Here are some notes on Bott periodicity... taken from Milnor's excellent book Morse Theory.

He starts with O(n): the Lie group of orthogonal transformations of ℝⁿ. He lets Ω₁(𝑛) be the space of minimal geodesics from 1 to -1 in O(n). He then lets Ω₂(𝑛) be a space of minimal geodesics in Ω₁(𝑛), and so on.

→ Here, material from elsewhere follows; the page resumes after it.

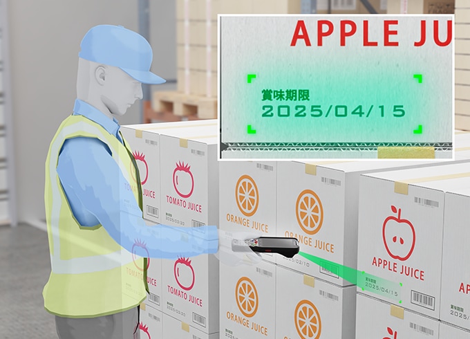 ハンディターミナルの中には、印刷された文字列をデータとして収集する「OCR」(Optical Character Reader)機能を搭載した製品もあります。OCRを活用すれば、キー入力や音声入力よりもはるかにスピーディーにデータ入力が行え、大幅な業務効率化が図れます。たとえば、製造年月日や賞味期限などの文字列は、ハンディターミナルでスキャンすればすぐにデータ化が可能です。人間が目視して確認したり手で入力する必要がないので、ミスや漏れを防ぐことができます。また、読み取った文字列データをバーコード付きのラベルとして発行することで、その後の運用を効率的に進められます。

By the end, he shows that Ω₈(n) is diffeomorphic to O(n/16), at least when n is a multiple of 16. So he's back where he started... roughly speaking.

(1/n)

First Milnor shows that Ω₁(𝑛) is the same as the space of 'complex structures' on ℝⁿ, meaning linear operators J: ℝⁿ → ℝⁿ with J² = −1. The basic idea is that any complex structure gives you a geodesic

g(t) = exp(Jt)

which goes from 1 when t = 0 to -1 when t = π. (Think rotations in the complex plane.)

(2/n)

Then Milnor lets Ω₂(n) be the space of minimal geodesics in Ω₁(𝑛) going from a chosen complex structure J₁ to -J₁. But he shows that Ω₂(n) is the same as the set of complex structures J₂ on ℝⁿ that anticommute with J₁:

J₁J₂ = -J₂J₁

The key is that

g(t) = J₁ exp(J₂t)

is a complex structure for each t∈ℝ iff J₁J₂ = -J₂J₁. And when this happens, g(t) is a minimal geodesic going from J₁ when t = 0 to -J₁ when t = π!

(3/n)

But a pair of anticommuting complex structures on ℝⁿ is the same as a 'quaternionic structure' on ℝⁿ: that is, a way to make the quaternions act ℍ as operators on ℝⁿ. The reason is that ℍ is the algebra freely generated by i, j such that i² = j² = -1 and ij = -ji.

So, Ω₂(n) is the space of 'quaternionic structures' on ℝⁿ.

Notice that ℝⁿ doesn't have any complex structures unless n is even! And it doesn't have any quaternionic structures unless n is a multiple of 4.

(4/n)

Keep going! Let Ω₃(n) be the space of minimal geodesics in Ω₂(n) going from some quaternionic structure (J₁,J₂) on ℝⁿ to the quaternionic structure (J₁,-J₂).

Surprise: Ω₃(n) is the same as the space of complex structures J₃ that anticommute with both J₁ and J₂!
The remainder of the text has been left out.